Carving out communities: funerary architecture as expressions of identity in Pre-Nuragic Sardinia
Item Status
RESTRICTED ACCESS
Embargo End Date
2026-07-04
Date
Authors
Lilley, Kirsty M.
Abstract
Pre-Nuragic Sardinia (Late Neolithic and Chalcolithic, c. 4400-2300 BC) was a period of changing social and cultural practices, where both insular developments and external influences contributed to distinctive traditions across the island. This is epitomised by the domus de janas: rock-cut tombs that were, uniquely for this period in the Mediterranean, increasingly embellished with architectural, representational, and abstract art. In line with traditional approaches, these monuments have been the subject of many typo-chronological and cultural-historical studies, and yet few have explored the social role of the tombs in their wider prehistoric contexts.
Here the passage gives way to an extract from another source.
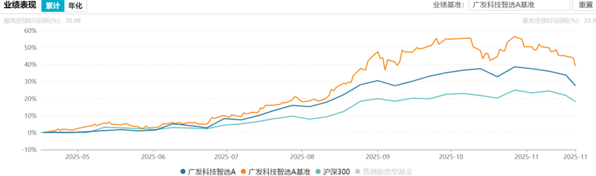 广发科技智选(023647)于今年4月17日成立,成立至11月21日的收益为27.57%,基准收益为39.02%,略微跑输基准。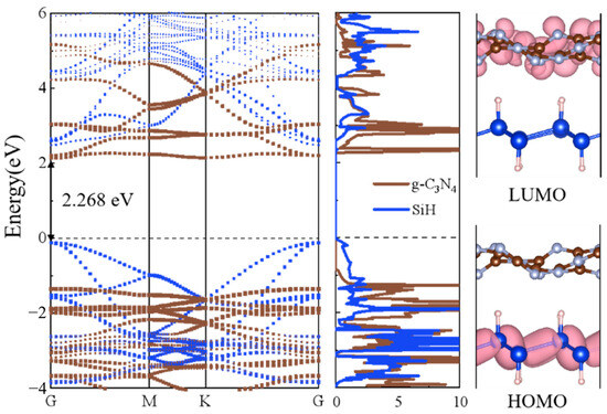 We acquired the SiH/g-C3N4 heterostructure’s projected band structure, PDOS, HOMO, and LUMO outcomes via HSE06 calculations, as demonstrated in Figure 5. In the projected band structure, there is a band overlap visible on the left-hand side of Figure 5. Analyzing the PDOS plot in the middle panel of Figure 5, we find that SiH contributes significantly to the VBM, whereas g-C3N4 plays an important role in the CBM. This suggests that the VBM and CBM of the SiH/g-C3N4 heterostructure arise in separate components, thus confirming its classification as a typical type-II heterostructure. Furthermore, the band gap of the SiH/g-C3N4 heterostructure was computed to be 2.268 eV (as shown by the arrow in the left panel of Figure 5), indicating a lower value than that of the separate SiH and g-C3N4 monolayers. This enhanced the chemical activity of the SiH/g-C3N4 heterostructure by facilitating electronic transitions between its valence and conduction bands.

This thesis explores the hypothesis that the domus de janas were central in the creation and articulation of group social identities in the pre-Nuragic period. Whilst drawing heavily on earlier works, it proposes that the artistic embellishment of tombs can be used to reconstruct a ‘social geography’ of Sardinia; in other words, by identifying spatial clusters and connections visible through the distribution of decorative motifs across the island. To do so, this study has created databases of the 492 decorated domus de janas and of all rock-cut tomb cemeteries in Sardinia, and uses statistical and computational methods in R Studio and QGIS, combined with comparative approaches. In particular, it suggests that examining statistical similarity is a method through which to consider difference, which, when placed in its geographical, political, and socio-cultural context, is used to investigate not only the nature of distinctions present between communities, but also the reasons why they may have developed in this way. Analysing and evaluating data at different scales, the study generates an island-wide view of cultural difference – and similarity – in this period, as well as regional variations in the social roles of tombs. Overall, it argues that distinct identity constructions and expressions are visible across the island, and that these were the result of several factors including cultural traditions, trade and exchange, and topography. Placing the tombs and their social function in the wider context of Mediterranean rock-cut tombs, it also contributes to debates surrounding connectivity and insularity in the Late Neolithic and Chalcolithic periods.